Надпись эту едва ли кто читал, потому что крутой берег оставался пустынным. Да и не к этому стремился Горбяков, высекая буквы на мраморной плите. Писал сам для себя, клятву давал не Феклуше — себе самому.
Смерть жены пробудила тоску по городу. В иные дни так и подмывало бросить беспокойную должность, покинуть нарымскую землю навеки, вернуться в город, где и университет, и библиотека, и люди, у которых многому можно научиться.
Но проходил месяц, другой, кончился год, а Федор продолжал жить по-старому. А вскоре понял Федор, что к этим местам прикован навечно. Вступила в свои права Поля. И, приглядываясь к ней, видел Федор: нет, не покинет она этих мест, никакой город не заменит ей этой суровой реки — с летними разливами, с дикими, безлюдными берегами, с лесами, где пуля застревает на первой сажени, с лугами широкими, безбрежными, очерченными только горизонтом, в какую сторону ни взгляни.
Беспокоила Горбякова и судьба старика Безматерных. Увезти его отсюда в город было бы равнозначно тюремному заключению. Оставить одного среди чужих людей не позволяла совесть: старик приближался к тому возрасту, когда и о нем могла потребоваться забота.
И еще была одна причина, может быть, самая главная из всех иных. Горбяков по должности, по обязанностям был фельдшером, лицом отчасти официальным, связанным со службой, а по убеждениям своим, по взглядам, по порывам души он чувствовал себя революционером, большевиком, человеком, жизнь которого навсегда связана с партией.
В Нарыме, в условиях самой глубокой конспирации, настолько глубокой, что об этом могли лишь догадываться большевики, находившиеся в ссылке, работал подпольный партийный центр.
Строжайшая конспирация диктовалась обстоятельствами: в ссылке вместе с большевиками находились люди иных политических взглядов — меньшевики, эсеры, анархисты.
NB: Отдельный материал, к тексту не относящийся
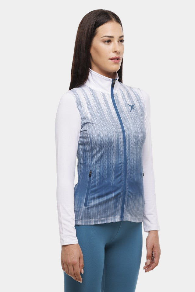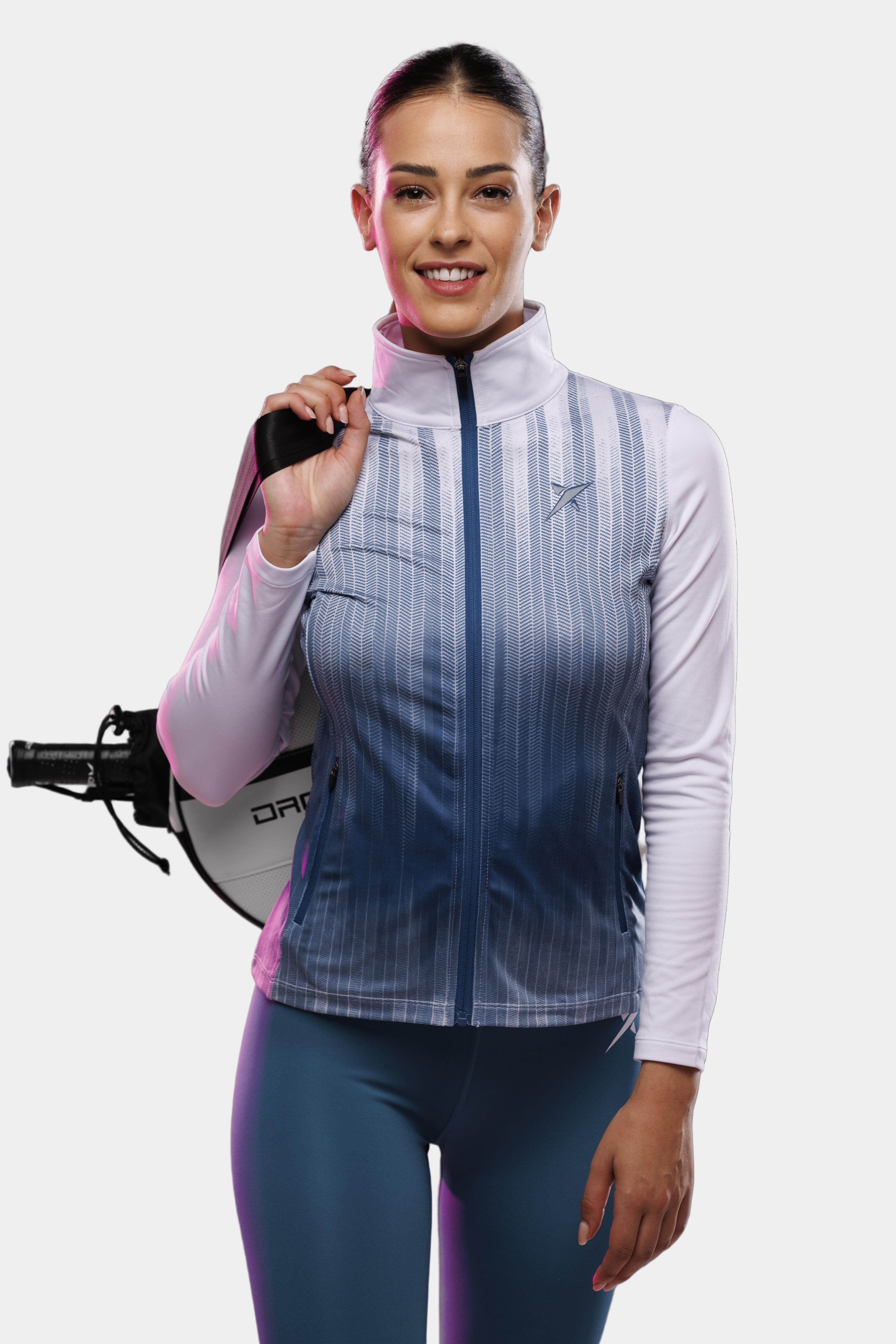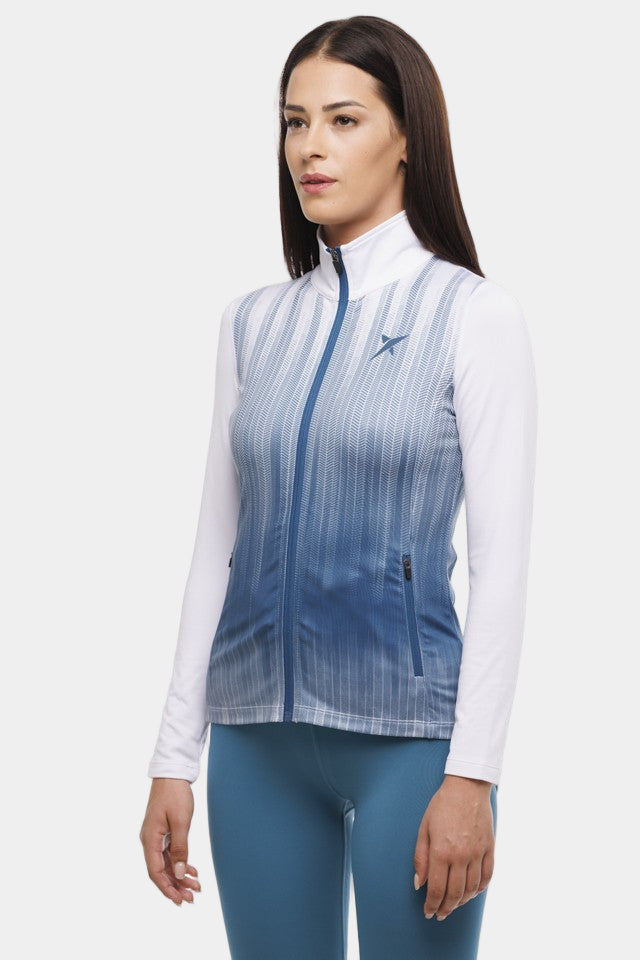 La Chaqueta Drop Shot Isora busca resaltar la personalidad de todas aquellas mujeres deportistas y competitivas que disfrutan del pádel. La prenda luce un degradado en tonos azules y blancos que reserva un espacio a los detalles azules de las cremalleras, y el logo y nombre de la marca impreso en silicona 3D

Приходилось опасаться не только полицейских ищеек, но и политических противников.
Расхождения в стратегии и тактике образовали между политическими партиями России великую пропасть.
Подпольный партийный центр в Нарыме поддерживал через хитроумную сеть явок и подпольных квартир связи с партийными организациями Томска, Москвы, Петербурга, а также с зарубежными группами большевиков-эмигрантов. Центр ведал внутренними связями сосланных в Нарымский край. Когда случались побеги отдельных товарищей из ссылки, это значило, что центр признавал это целесообразным и делал все, чтобы побег оказался успешным.
О судьбе Горбякова тоже существовало решение подпольного центра. Он обязан был сидеть на месте, заниматься своим делом фельдшера и помогать комитету в его связи с внешним миром. Такова была воля партии, о подлинном масштабе которой Горбяков составлял представление по рассказам ссыльных, по печатным материалам, изредка попадавшим в его руки.
О появлении беглеца на Парабельской протоке Горбяков узнал от Поли. После участия в облаве дочь прибежала в свой прежний дом. Отец спал на кровати, подложив под заросшую бородой щеку сильную, широкую ладонь. Свадьба и ему досталась нелегко: хлопотал о приданом; готовился принять гостей в своем доме. Ну и, конечно, хорошо, крепко выпил, что умел делать лихо, с удалью еще со студенческих пирушек.
Поля по-настоящему ничего не знала о связях отца с политическими ссыльными, хотя и была убеждена, что он и дедушка никогда ничего худого им не сделают. Сами ведь были ссыльными когда-то. Тем более она не имела никакого представления о партии, о большевиках. Поля хорошо знала по рассказам отца его жизненный путь, знала, как он попал сюда, в Нарымский край, и догадывалась, что среди невольников, обитающих в самых далеких и почти недоступных уголках этой, как говорили люди, проклятой богом земли, немало его друзей.
У Горбякова дико болела голова от перепоя и суеты последних дней. Он с трудом приподнялся, ожесточенно, обеими ладонями, растирая заросшее смолево-черным, с легкой проседью волосом крупное лицо. Натягивая сапоги, он попросил дочь рассказать обо всем по порядку.
Поля еще раз повторила все сначала — о приезде стражников, о погоне за беглецом по берегам Парабельской протоки, о встрече с ним на курье.
— Наверняка какой-нибудь уголовник, бандюк драпака дал! — выслушав дочь, сказал Горбяков, про себя подумав: «Если б побежал кто-то из наших, меня обязательно бы предупредили…»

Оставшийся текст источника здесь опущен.